FR is it for me. I don’t have an FB account nor am I on Linkedin which is a social network for professionals.
And no Instagram, etc.
I have never thought of Free Republic as a social media site. I think of it as an educational news site. I never touch social media sites.
Facebook is a news and information gatherer, where you select the sources of interest to you. Whether its international diplomacy or bicycle mechanics.
This is a good thing.
Using it to post pictures of yourself, er, uh, smoking cigars, is of questionable value.
FR is a crowd sourced news site, where members of FR (the crowd) choose the stories.
Facebook is a crowd sourced news site, where the news sources (the crowd) supply the news options and the end-user chooses the pulls.
Both methods are necessary and valuable to stay well-informed.
Facebook is the mechanism for news and information that you cannot easily find and pull via other means, as the news sources themselves place their content (or pointers to content) on Facebook itself.

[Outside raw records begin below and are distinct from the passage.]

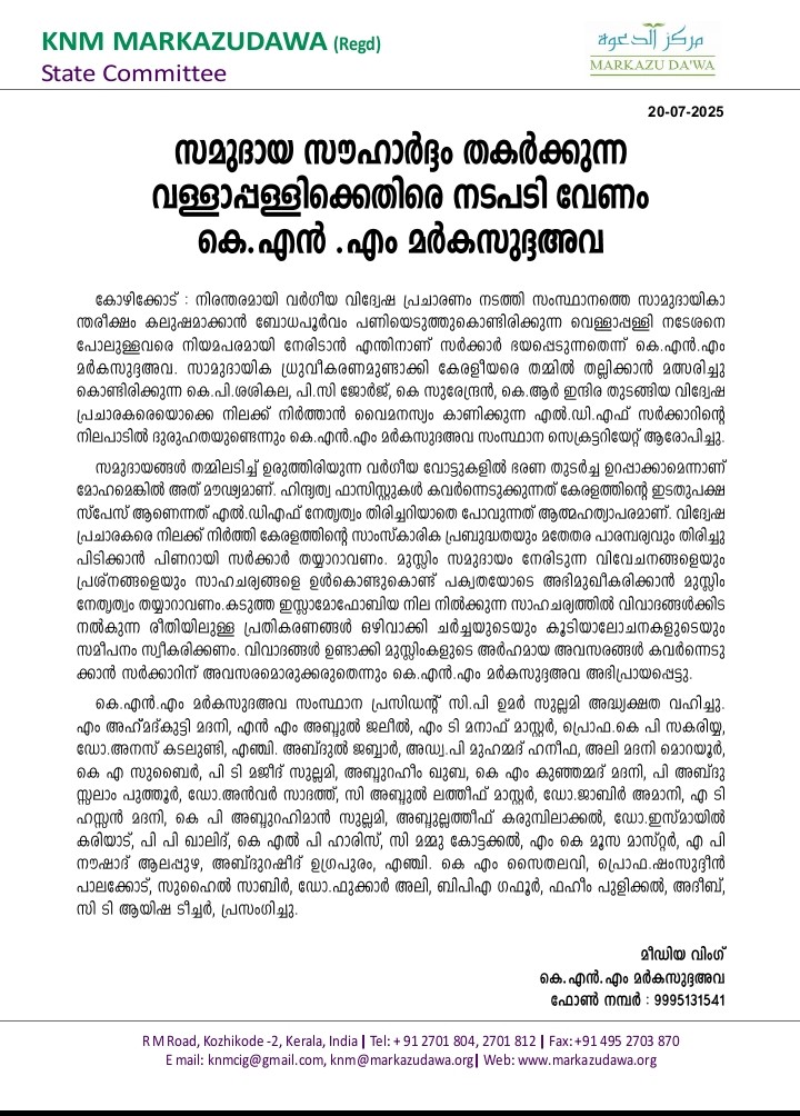 കോഴിക്കോട് : നിരന്തരമായി വര്‍ഗീയ വിദ്വേഷ പ്രചാരണം നടത്തി സംസ്ഥാനത്തെ സാമുദായികാന്തരീക്ഷം കലുഷമാക്കാന്‍ ബോധപൂര്‍വം പണിയെടുത്തുകൊണ്ടിരിക്കുന്ന വെള്ളാപ്പള്ളി നടേശനെ പോലുള്ളവരെ നിയമപരമായി നേരിടാന്‍ എന്തിനാണ് സര്‍ക്കാര്‍ ഭയപ്പെടുന്നതെന്ന് കെ.എന്‍.എം മര്‍കസുദ്ദഅവ. സാമുദായിക ധ്രുവീകരണമുണ്ടാക്കി കേരളീയരെ തമ്മില്‍ തല്ലിക്കാന്‍ മത്സരിച്ചു കൊണ്ടിരിക്കുന്ന കെ.പി.ശശികല, പി.സി ജോര്‍ജ്, കെ സുരേന്ദ്രന്‍, കെ.ആര്‍ ഇന്ദിര തുടങ്ങിയ വിദ്വേഷ പ്രചാരകരെയൊക്കെ നിലക്ക് നിര്‍ത്താന്‍ വൈമനസ്യം കാണിക്കുന്ന എല്‍.ഡി.എഫ് സര്‍ക്കാറിന്റെ നിലപാടില്‍ ദുരുഹതയുണ്ടെന്നും കെ.എന്‍.എം മര്‍കസുദഅവ സംസ്ഥാന സെക്രട്ടറിയേറ്റ് ആരോപിച്ചു.
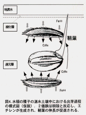 - これらの結果は、イネ種子が播種されたとき、湛水土壌中ではFe++ の存在ゆえに籾殻からのエチレン生成が促進され、そのエチレンが鞘葉の伸長を促進し、苗立ちを安定化することを示している(図4)。
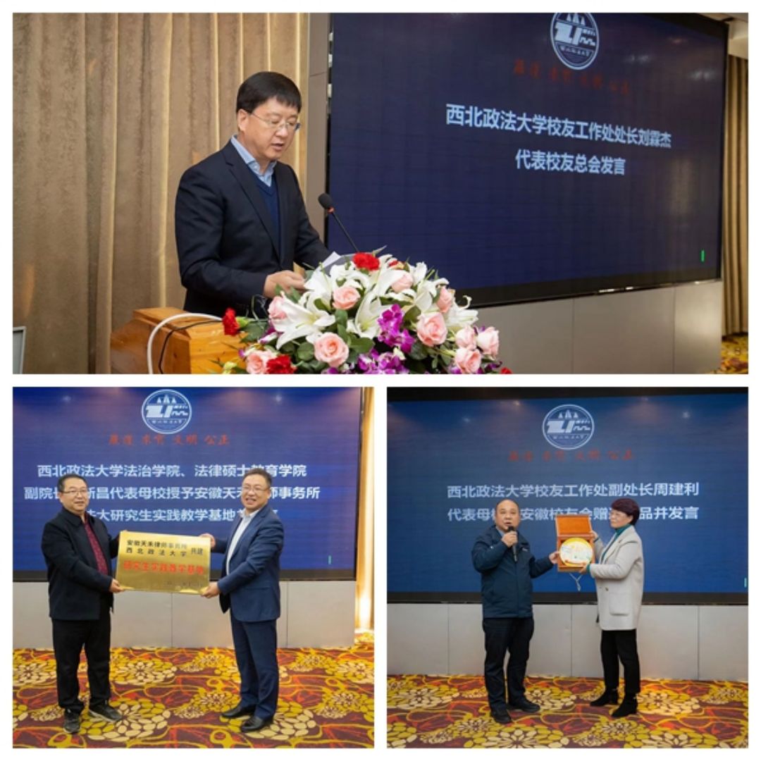 学校校友总会秘书长、国内合作与校友工作处处长刘霖杰宣读了《关于西北政法大学安徽校友会理事会换届的批复》,法治学院 法律硕士教育学院副院长淡新昌代表学校向安徽天禾律师事务所颁授了“共建研究生实践教学基地”铜牌,国内合作与校友工作处副处长周建利代表学校和校友总会向安徽校友会赠送了专属文创瓷盘。
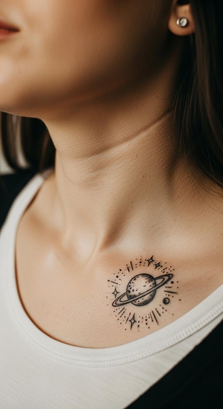 Saturn near your collarbone means mystery and dreams. Pick a ringed circle design. Use phone apps to doodle it for free. Budget find: Local shops might offer it for under $60. Customize with tiny stars around it. Hide it under clothes if you want. Simple try: Tape a paper cutout on your skin first. This tattoo inspires exploration. Clean with regular wipes. Do this: Draw it quick and plan your spot.
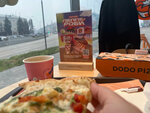 Рада, что Додо открылся в этом месте! Уютный интерьер, понравился вид из окна на город. Есть возможность сделать заказ через терминал, приложение или напрямую на кассе. Девушки на кассе очень милые и доброжелательные - это так приятно❤️ Хорошее меню с пиццей, множеством закусок, десертов и напитков. Приемлемые цены. Пицца приготовлена на тонком тесте с большим количеством начинки.
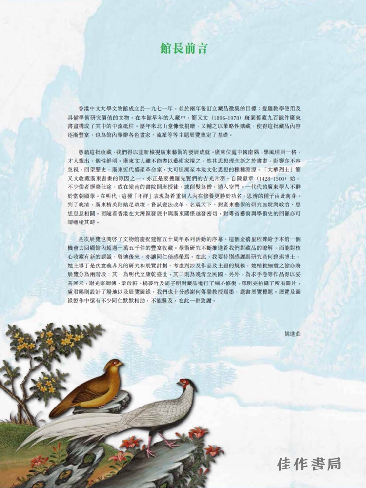 本书由文物馆何碧琪博士编撰,这是从静水流深至广纳百川的回溯与文字的文化历程,贯穿馆藏广东书画精品及深入浅出的文字,成为读者深刻思考广东精英的思想源流与艺术、文化及历史的关系。在文物馆金禧馆庆之际,特纪念广东先贤们为用,此实践用在全国知识界占一席位经世超超人的努力和热诚乎。中大美术馆馆长何碧琪,这本刊物是对中大藏书广东书画的回顾与再造之旅,深入原创研究。带领读者深入了解广东文化精英在艺术、文化和历史方面的思维方式。值此艺术博物馆金禧庆典之际,我们在此纪念这些先驱者在寻求将所学的治国知识应用于实际事务并为国家的知识遗产做出贡献方面所付出的无与伦比的努力和热情。

“would the social train wreck surrounding the Red Hen restaurant in Lexington, Va. you know, the one that banished Sarah Huckabee Sanders and her family this week have devolved into the embarrassing conflagration it is today?”
I’m not embarrassed. I’m happy she got toasted and got exposed for being Streep’s sister, living with a pedophile, and for pursuing Sarah down the street to the next restaurant.
There are a million reasons to leave social media. But this article is simply upset that their blowtorch got turned around on the leftists.
Social media is very retarded. But the Luddite approach to the world is very lame. I kinda enjoy having all the knowledge of mankind in my hand in a box the size of a deck of playing cards.
The wife of one of my friends is one of those “everyone put your phones in the middle of the table” types. And I’m more like, “be more interesting than my phone”.
“Im on Facebook but for me its mostly a more convenient way to message family and friends than email. Without Facebook, Id just go back to email. Without email, Id probably go back to using the phone and the post office more. Big deal.”
Elegantly stated.
And Twitter to read the President's tweets, and one other person's. I used to access the President's tweets directly through a browser shortcut. However, I would always get a recommendation to add BO, HRC, and CNN or NYT to my feed -- no kidding. In my own account I blocked them, and now I get Fox, a Trump kid, and Sarah Sanders. I NEVER got them when using Twitter anonymously. What bias!!
I should set up LinkedIn for professional reasons, but have put it off for years.
>>But the Luddite approach to the world is very lame. <<
Not a Luddite, I just find my time is better spent in RL than staring at a device. I think people who would rather die than not have social media are sub-human eternal infants.
I use social media but only for information — FR is all the entertainment I need to post.